LONDON: Hundreds of thousands of travelers were stranded across the world on Monday after the British tour company Thomas Cook collapsed in the middle of the night, immediately halting almost all its flights and hotel services and laying off its employees.

Britain’s Civil Aviation Authority announced about 2:30am that Thomas Cook, a 178-year-old company that helped create the package tour industry, had ceased trading. It said the firm’s four airlines will be grounded, and its 21,000 employees in 16 countries including 9,000 in the UK will lose their jobs.

The collapse of the firm is expected to have sweeping effects across the European and North African tourism industries and elsewhere, as hotels worry about being paid for tourists they have already served and confirmed Thomas Cook bookings for high-season winter resorts suddenly are cancelled.

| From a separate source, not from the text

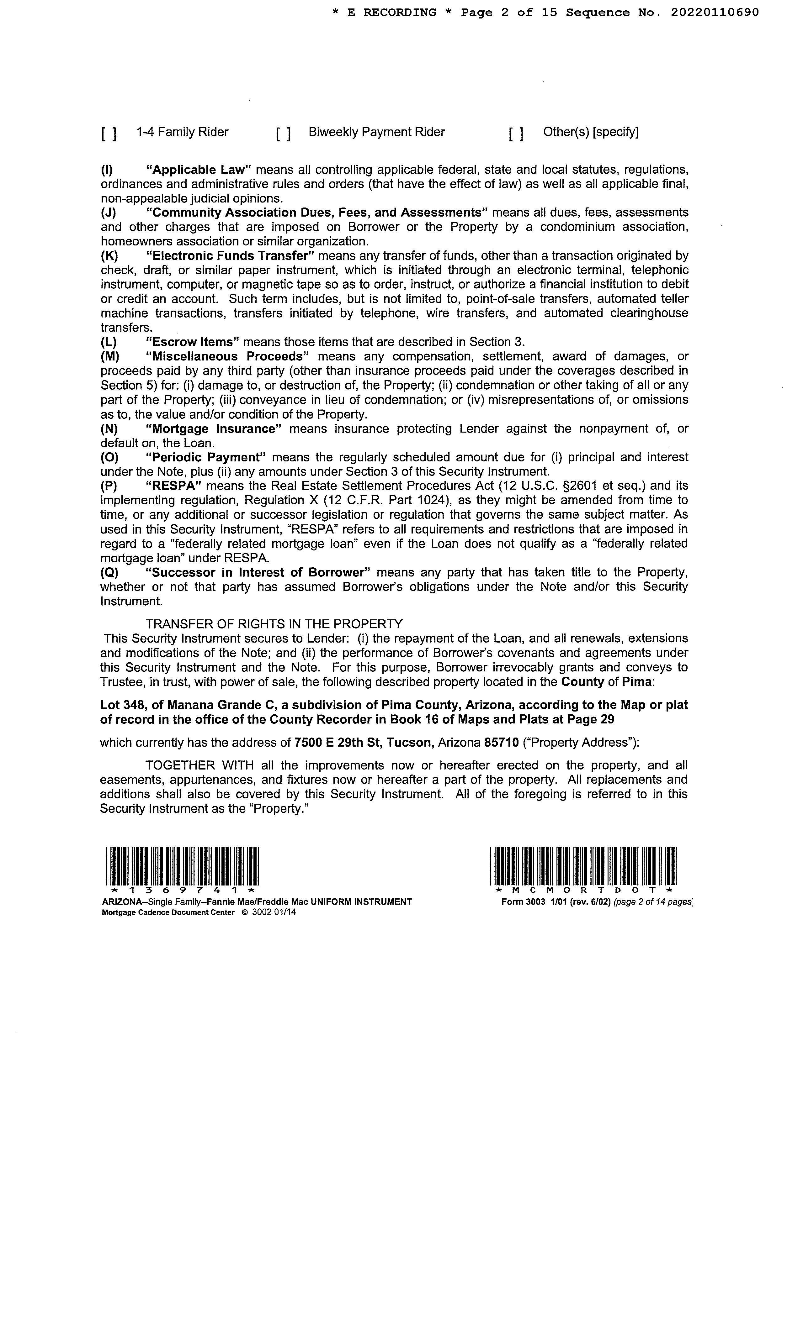 Subject Property : 7500 E 29th St Tucson AZ 85710

Overall, about 600,000 people were travelling with the company as of Sunday, though it was unclear how many of them would be left stranded, as some travel subsidiaries were in talks with local authorities to continue operating. Thomas Cook says it served 22 million customers a year.

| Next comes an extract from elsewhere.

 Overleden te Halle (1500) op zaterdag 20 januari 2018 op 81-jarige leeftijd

The British government was taking charge of getting the firm’s 150,000 UK-based customers back home from vacation spots across the globe, the largest repatriation effort in the country’s peacetime history. The process began on Monday but officials urged patience and warned of delays.

A stream of reports Monday morning hinted at the extent of the travel chaos: some 50,000 Thomas Cook travelers were stranded in Greece; up to 30,000 stuck in Spain’s Canary Islands; 21,000 were left in Turkey and 15,000 were in Cyprus. Airports saw queues of Thomas Cook travelers lining up for other ways to get home.

Some people took the news in stride. Bengt Olsson, who was traveling in Cyprus from Sweden, said there were worse places to be stranded. “It’s nice to stay here, it’s warm,” he said.

The reality was far harsher for the Thomas Cook workers who lost their jobs overnight.

“The staff have been stabbed in the back without a second’s thought,” said Brian Strutton, head of the British Airline Pilots’ Association.

An estimated 1 million future Thomas Cook travelers also found their bookings for upcoming holidays canceled. Many of them are likely to receive refunds under travel insurance plans but had no idea when they would get their money back.

Lewis and Amy Bromiley, from Manchester, England, had paid 7,000 pounds ($8,700) for a January honeymoon in the Maldives.

“Me and my wife are devastated,” said Bromiley, 25. “We’ll have to wait for the refund, which could take months.” The company, which began in 1841 with one-day train excursions in England, grew to have travel operations around the world but has been struggling for years due to competition from budget airlines and the ease of booking low-cost accommodations through the internet.